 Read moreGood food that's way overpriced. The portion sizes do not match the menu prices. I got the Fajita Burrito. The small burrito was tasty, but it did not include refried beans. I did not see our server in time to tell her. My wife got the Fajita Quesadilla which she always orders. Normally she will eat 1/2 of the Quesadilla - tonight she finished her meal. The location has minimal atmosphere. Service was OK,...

--

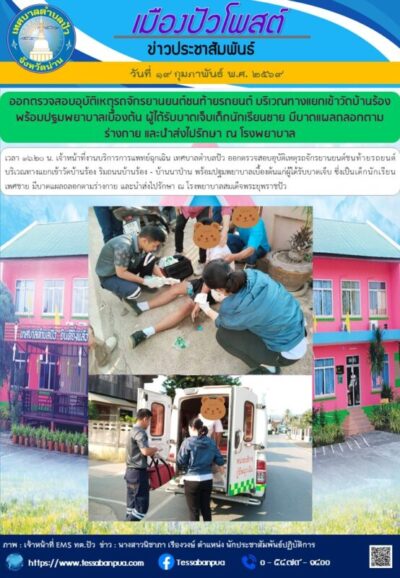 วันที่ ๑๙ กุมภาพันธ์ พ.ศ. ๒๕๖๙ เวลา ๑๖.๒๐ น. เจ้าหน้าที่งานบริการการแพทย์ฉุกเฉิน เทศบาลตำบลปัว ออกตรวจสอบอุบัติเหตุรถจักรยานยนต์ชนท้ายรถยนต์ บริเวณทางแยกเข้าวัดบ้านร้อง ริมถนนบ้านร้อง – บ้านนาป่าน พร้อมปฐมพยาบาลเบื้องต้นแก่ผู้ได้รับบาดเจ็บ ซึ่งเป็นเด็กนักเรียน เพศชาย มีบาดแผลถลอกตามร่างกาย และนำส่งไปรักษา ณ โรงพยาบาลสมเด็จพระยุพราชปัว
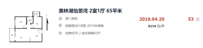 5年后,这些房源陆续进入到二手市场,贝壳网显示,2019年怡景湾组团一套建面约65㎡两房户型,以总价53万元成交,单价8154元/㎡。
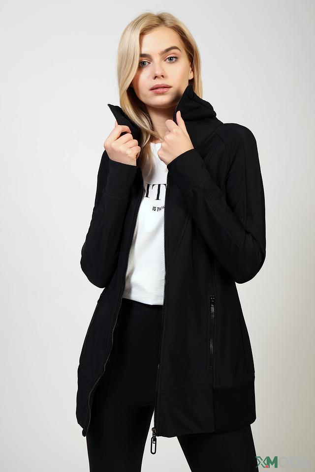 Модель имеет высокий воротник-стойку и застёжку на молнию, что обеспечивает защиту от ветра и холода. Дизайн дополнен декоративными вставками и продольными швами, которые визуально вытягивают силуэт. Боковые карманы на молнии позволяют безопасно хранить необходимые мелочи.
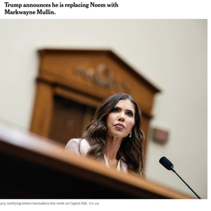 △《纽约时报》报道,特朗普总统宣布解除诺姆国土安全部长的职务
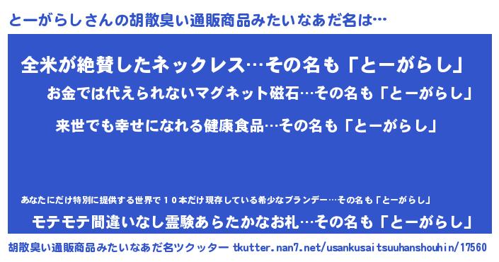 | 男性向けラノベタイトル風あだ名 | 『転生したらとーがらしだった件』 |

WHAT YOU HAVE TO DO | Because only one stretch of the records is wanted, please output the lines from the one holding "Модель имеет высокий" through the one holding "男性向けラノベタイトル風あだ名 | 『転生したらとーがらしだった件』 |" exactly, both included, and leave every picture out.

EXERCISE OUTPUT |
 Модель имеет высокий воротник-стойку и застёжку на молнию, что обеспечивает защиту от ветра и холода. Дизайн дополнен декоративными вставками и продольными швами, которые визуально вытягивают силуэт. Боковые карманы на молнии позволяют безопасно хранить необходимые мелочи.
 △《纽约时报》报道,特朗普总统宣布解除诺姆国土安全部长的职务
 | 男性向けラノベタイトル風あだ名 | 『転生したらとーがらしだった件』 |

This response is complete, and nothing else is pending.